## Work instructions
Images appear in the records below; leave them out and repeat everything else exactly.

## Material for this exercise
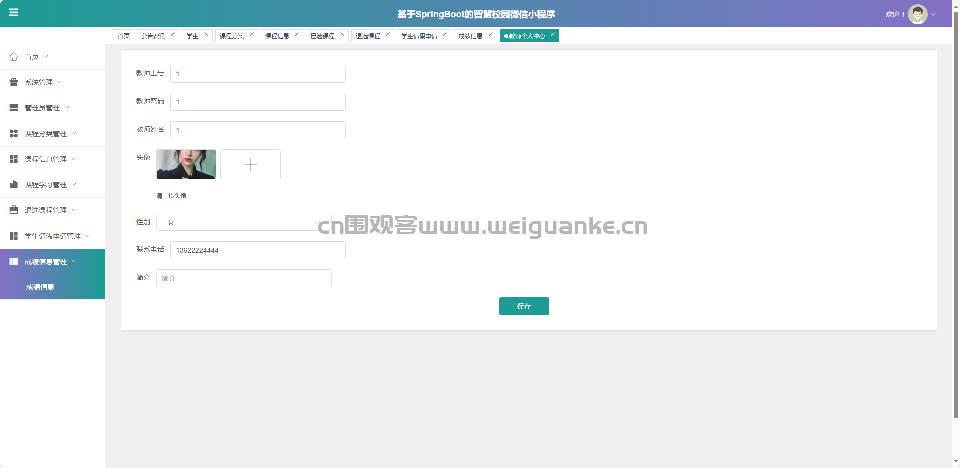 个人中心:查看与修改教师基础资料。
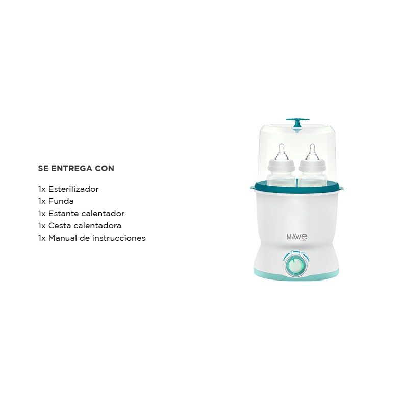Calentamiento o esterilización simultánea de hasta 2 mamaderas de cuello ancho.
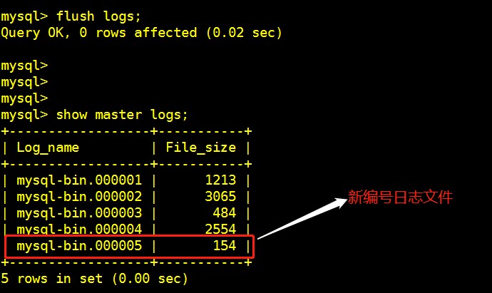 Flush logs 刷新日志,此刻开始产生一个新编号的binlog文件,例如:
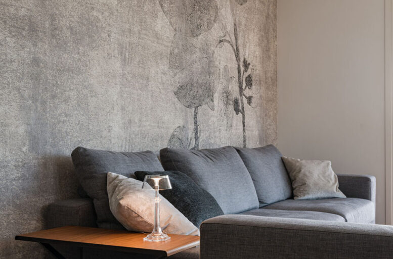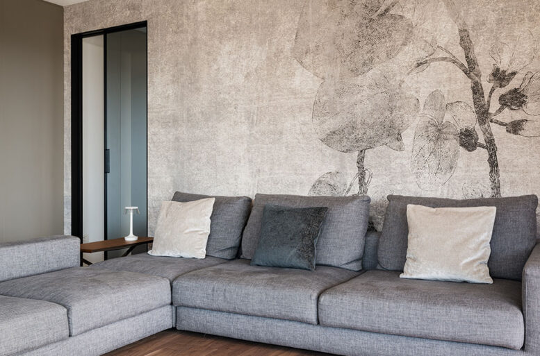 La particolarità di questo spazio è la parete di fondo che ospita il divano Ananta firmato Saba Italia, trattata con una particolarissima wallpaper di LondonArt, anch’essa in tonalità polverose e discrete, ma di grandissimo impatto scenico.
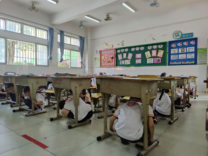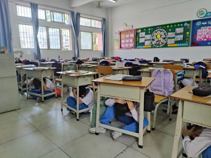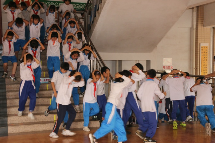 為了實(shí)施好這次演練,學(xué)校制定了詳細(xì)的防震疏散演練方案,對(duì)各班疏散的路線及每位班主任老師的職責(zé)、每層樓梯口值班老師的職責(zé)、疏散路線指揮員的職責(zé)等內(nèi)容都作了明確的規(guī)定。演練開(kāi)始前,各班主任充分運(yùn)用視頻、圖片、文字等通俗易懂的方式,詳細(xì)講述了在地震來(lái)臨的時(shí)候應(yīng)當(dāng)如何有效進(jìn)行避震、安全自救、逃離到安全位置等相關(guān)知識(shí)。下午4點(diǎn)整,防震演練開(kāi)始,第一次警報(bào)響起,上課教師立即停止授課,告知學(xué)生“地震來(lái)了,不要慌”,并指揮學(xué)生迅速抱頭、閉眼,躲在各自的課桌下或課桌旁,盡量蜷曲身體,降低身體重心,并盡可能用書(shū)包保護(hù)頭部。緊接著,第二次警報(bào)響起,班主任立即組織學(xué)生進(jìn)行疏散逃生演練,組織本班學(xué)生排隊(duì),聽(tīng)從樓層負(fù)責(zé)人指揮,按疏散路線指導(dǎo)學(xué)生有秩序地迅速撤離;各年級(jí)師生在學(xué)校的指揮下,到達(dá)指定位置,整個(gè)過(guò)程秩序井然。
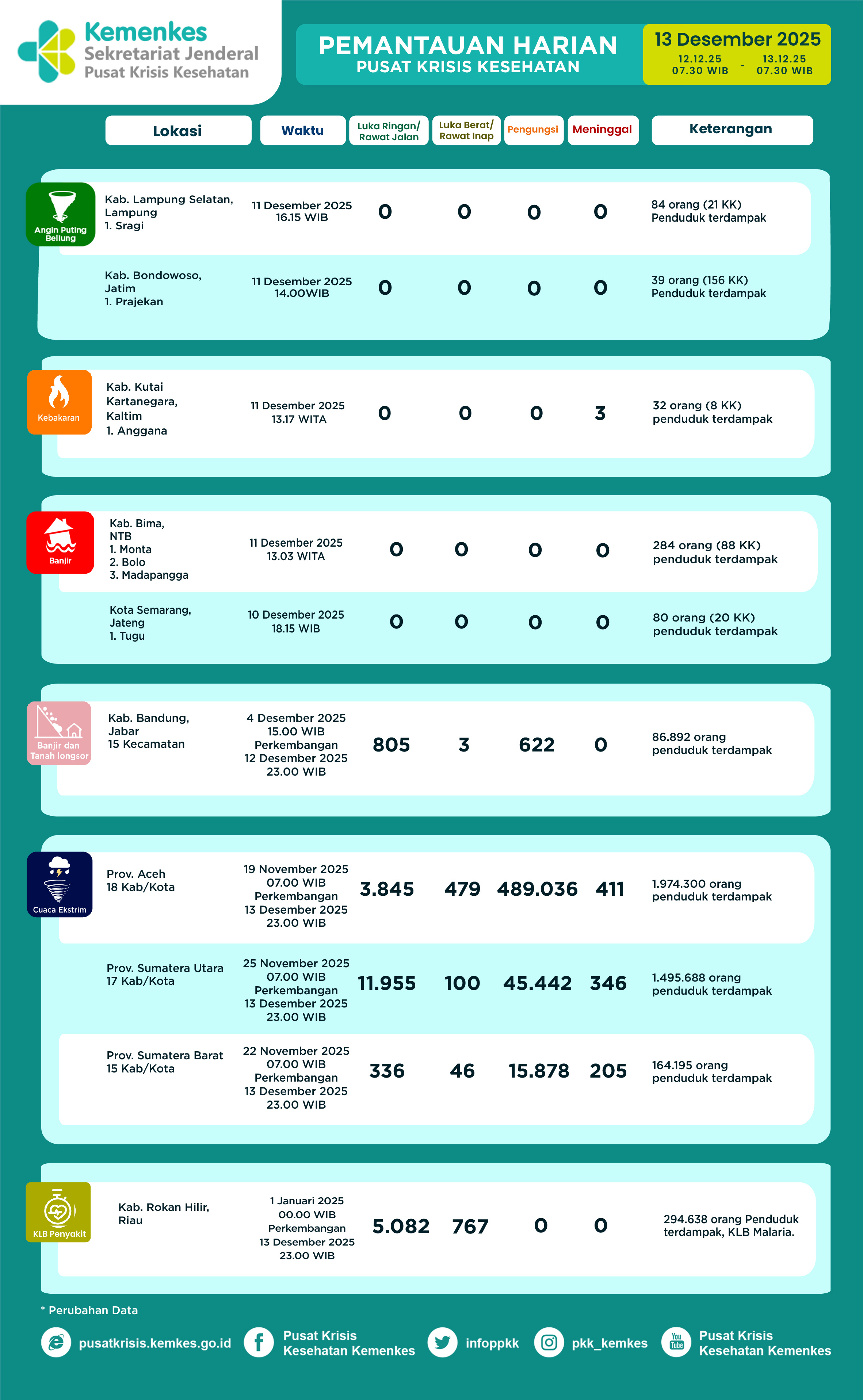Disini anda dapat mengunduh Laporan Pemantauan Harian Kejadian Krisis Kesehatan Pusat Krisis Kesehatan Kementerian Kesehatan tanggal 19 Oktober 2024 pukul 07.30 WIB hingga 20 Oktober 2024 pukul 07.30 WIB. Terdapat 12 laporan kejadian bencana: 1 Banjir dan Tanah Longsor, 1 Kebakaran, 1 Keracunan, 1 Erupsi Gunung Api, 2 Kebakaran Hutan dan Lahan, 3 Banjir, dan 3 KLB Penyakit.
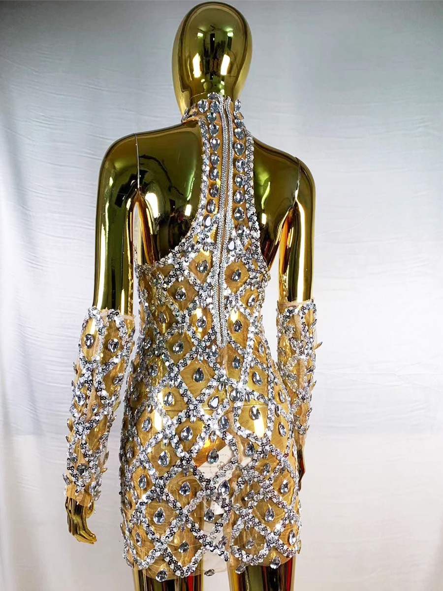 High-end Women’s Heavy-duty Rhinestone Plaid Sequined Gloves Ultra-short Dress
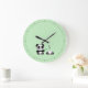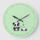 A pair of cute cartoon pandas. The left panda is holding a bamboo stick watching the right panda who has fallen asleep.
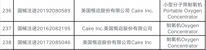 其中亚适Caire不仅获得国家药品监管局批准上市外,作为全球制氧设备行业的领导者,也获得过美国卫生保健认可委员会(ACHC)认可,并通过美国食品和药物管理局(FDA) ,欧洲医疗器械法规(欧盟 MDR) ,中国食品和其他国家地区监管机构认证批准。
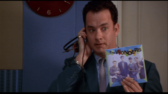 Soon a big-time producer, Mr. White (Tom Hanks) wants to buy out their contract and take the band on tour with the prestigious Play-Tone Galaxy. Only first he’s going to make a few changes. Faye can only go on tour if she’s their costume mistress. The guys have to wear nice suits because they’re nice boys. Well, all except for Guy, to whom Mr. White tosses a pair of shiny Foster Grants. And no more homophones. From now on, the group is called The Wonders.
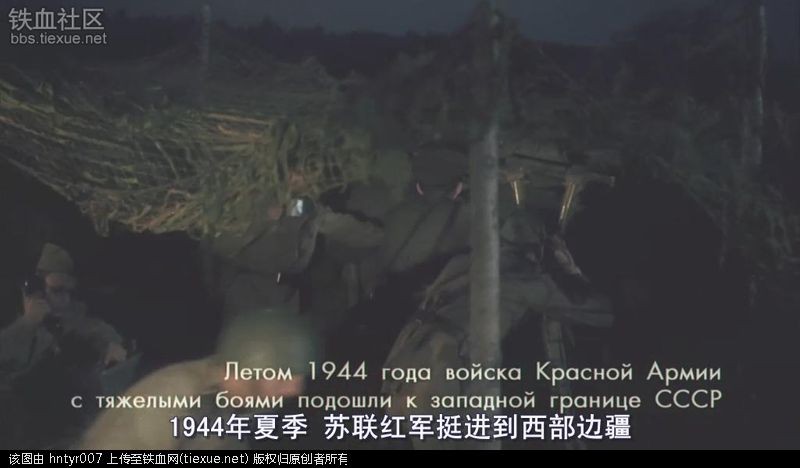 这个镜头说明时间已到1944年夏季,地点是苏联的西部边疆。熟悉情况的铁友都会知道,这个西部边疆其实就是乌克兰西部,与德国接壤。此时德国与苏联之间并没有波兰这个国家相隔了,因为二战初期苏军与德军夹击将波兰瓜分了,越过边境线就直接进入德国本土了。可见此次苏军侦察兵任务的重要性与艰巨性。
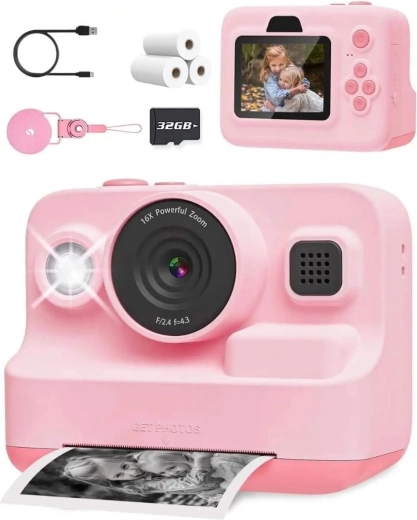 Fördern Sie Kreativität und Neugier der Kinder mit der multifunktionalen Kamera, die den Sofortdruck von Fotos auf Thermopapier 57 × 30 mm ermöglicht. Kinder können sofort eigene Alben, Pinnwände oder Zimmerdeko gestalten. Mit 1080P-Video und 2,4"-Display sind Vorschau und Bedienung auch für Anfänger leicht.
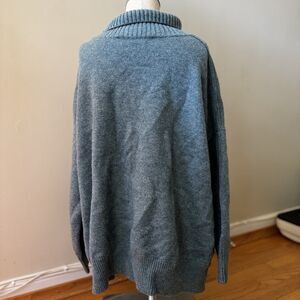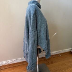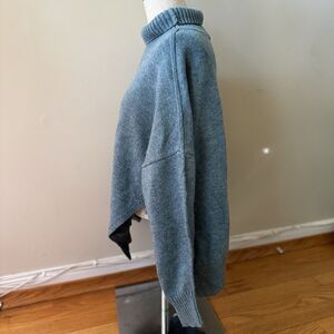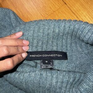 French Connection Women's 100% Wool High Low Cowl/Mock Neckline Knit Cabin Cottagecore Pullover Sweater. Color Teal (blue-ish green). Size Medium. Excellent condition. There are loops on the side of the sweater, but I am unsure what they're for. But it doesn't come with a belt or anything like that.
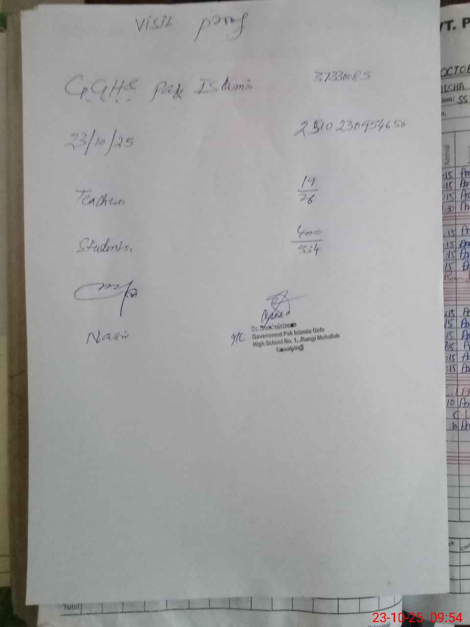 | Name: Um**** Sa**** Designation: (School Headmaster's/Headmistress's) Sr HeadmIstress Phone/Cell Number: 03**** |
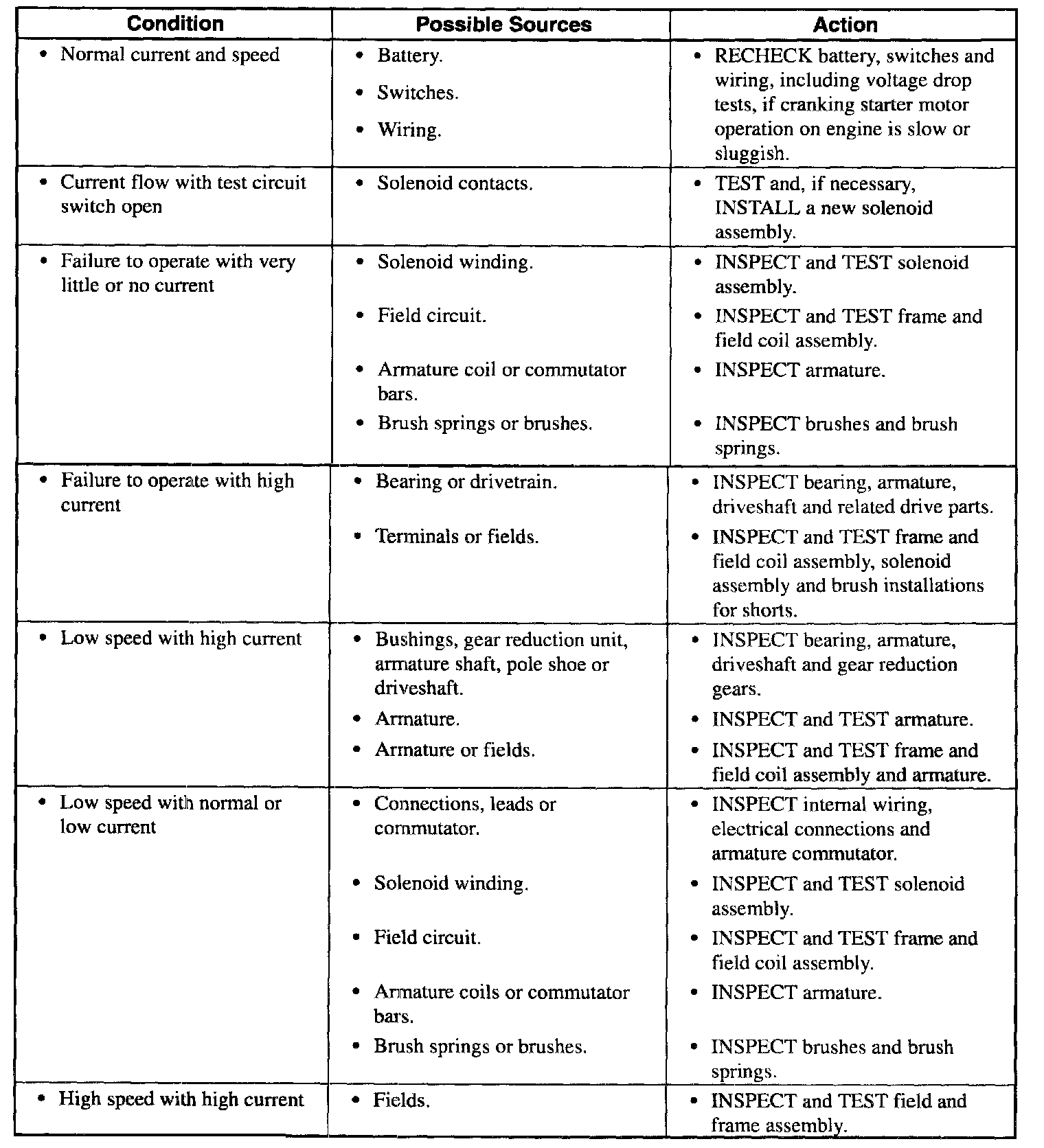 6. If the voltage is lower than specified, or if the amperage is higher than specified. The Symptom Chart shows the results to determine the cause and corrective action.
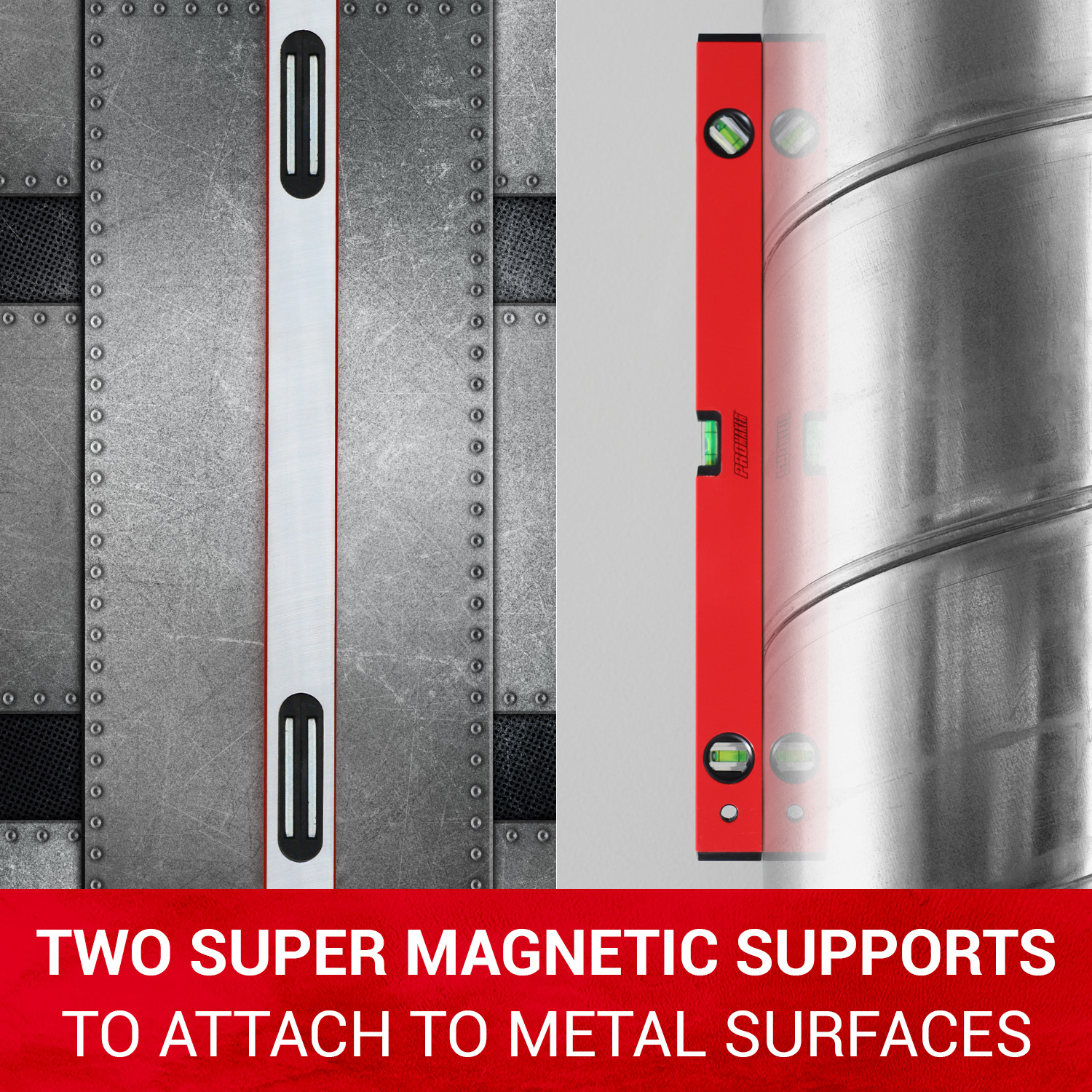Magnetic Base for Hands-Free Use: Strong magnets securely attach to metal surfaces, allowing for hands-free leveling on pipes, beams, or metal frames.

## Your solution
 个人中心:查看与修改教师基础资料。
Calentamiento o esterilización simultánea de hasta 2 mamaderas de cuello ancho.
 Flush logs 刷新日志,此刻开始产生一个新编号的binlog文件,例如:
 La particolarità di questo spazio è la parete di fondo che ospita il divano Ananta firmato Saba Italia, trattata con una particolarissima wallpaper di LondonArt, anch’essa in tonalità polverose e discrete, ma di grandissimo impatto scenico.
 為了實(shí)施好這次演練,學(xué)校制定了詳細(xì)的防震疏散演練方案,對(duì)各班疏散的路線及每位班主任老師的職責(zé)、每層樓梯口值班老師的職責(zé)、疏散路線指揮員的職責(zé)等內(nèi)容都作了明確的規(guī)定。演練開(kāi)始前,各班主任充分運(yùn)用視頻、圖片、文字等通俗易懂的方式,詳細(xì)講述了在地震來(lái)臨的時(shí)候應(yīng)當(dāng)如何有效進(jìn)行避震、安全自救、逃離到安全位置等相關(guān)知識(shí)。下午4點(diǎn)整,防震演練開(kāi)始,第一次警報(bào)響起,上課教師立即停止授課,告知學(xué)生“地震來(lái)了,不要慌”,并指揮學(xué)生迅速抱頭、閉眼,躲在各自的課桌下或課桌旁,盡量蜷曲身體,降低身體重心,并盡可能用書(shū)包保護(hù)頭部。緊接著,第二次警報(bào)響起,班主任立即組織學(xué)生進(jìn)行疏散逃生演練,組織本班學(xué)生排隊(duì),聽(tīng)從樓層負(fù)責(zé)人指揮,按疏散路線指導(dǎo)學(xué)生有秩序地迅速撤離;各年級(jí)師生在學(xué)校的指揮下,到達(dá)指定位置,整個(gè)過(guò)程秩序井然。
Disini anda dapat mengunduh Laporan Pemantauan Harian Kejadian Krisis Kesehatan Pusat Krisis Kesehatan Kementerian Kesehatan tanggal 19 Oktober 2024 pukul 07.30 WIB hingga 20 Oktober 2024 pukul 07.30 WIB. Terdapat 12 laporan kejadian bencana: 1 Banjir dan Tanah Longsor, 1 Kebakaran, 1 Keracunan, 1 Erupsi Gunung Api, 2 Kebakaran Hutan dan Lahan, 3 Banjir, dan 3 KLB Penyakit.
 High-end Women’s Heavy-duty Rhinestone Plaid Sequined Gloves Ultra-short Dress
 A pair of cute cartoon pandas. The left panda is holding a bamboo stick watching the right panda who has fallen asleep.
 其中亚适Caire不仅获得国家药品监管局批准上市外,作为全球制氧设备行业的领导者,也获得过美国卫生保健认可委员会(ACHC)认可,并通过美国食品和药物管理局(FDA) ,欧洲医疗器械法规(欧盟 MDR) ,中国食品和其他国家地区监管机构认证批准。
 Soon a big-time producer, Mr. White (Tom Hanks) wants to buy out their contract and take the band on tour with the prestigious Play-Tone Galaxy. Only first he’s going to make a few changes. Faye can only go on tour if she’s their costume mistress. The guys have to wear nice suits because they’re nice boys. Well, all except for Guy, to whom Mr. White tosses a pair of shiny Foster Grants. And no more homophones. From now on, the group is called The Wonders.
 这个镜头说明时间已到1944年夏季,地点是苏联的西部边疆。熟悉情况的铁友都会知道,这个西部边疆其实就是乌克兰西部,与德国接壤。此时德国与苏联之间并没有波兰这个国家相隔了,因为二战初期苏军与德军夹击将波兰瓜分了,越过边境线就直接进入德国本土了。可见此次苏军侦察兵任务的重要性与艰巨性。
 Fördern Sie Kreativität und Neugier der Kinder mit der multifunktionalen Kamera, die den Sofortdruck von Fotos auf Thermopapier 57 × 30 mm ermöglicht. Kinder können sofort eigene Alben, Pinnwände oder Zimmerdeko gestalten. Mit 1080P-Video und 2,4"-Display sind Vorschau und Bedienung auch für Anfänger leicht.
 French Connection Women's 100% Wool High Low Cowl/Mock Neckline Knit Cabin Cottagecore Pullover Sweater. Color Teal (blue-ish green). Size Medium. Excellent condition. There are loops on the side of the sweater, but I am unsure what they're for. But it doesn't come with a belt or anything like that.
 | Name: Um**** Sa**** Designation: (School Headmaster's/Headmistress's) Sr HeadmIstress Phone/Cell Number: 03**** |
 6. If the voltage is lower than specified, or if the amperage is higher than specified. The Symptom Chart shows the results to determine the cause and corrective action.
Magnetic Base for Hands-Free Use: Strong magnets securely attach to metal surfaces, allowing for hands-free leveling on pipes, beams, or metal frames.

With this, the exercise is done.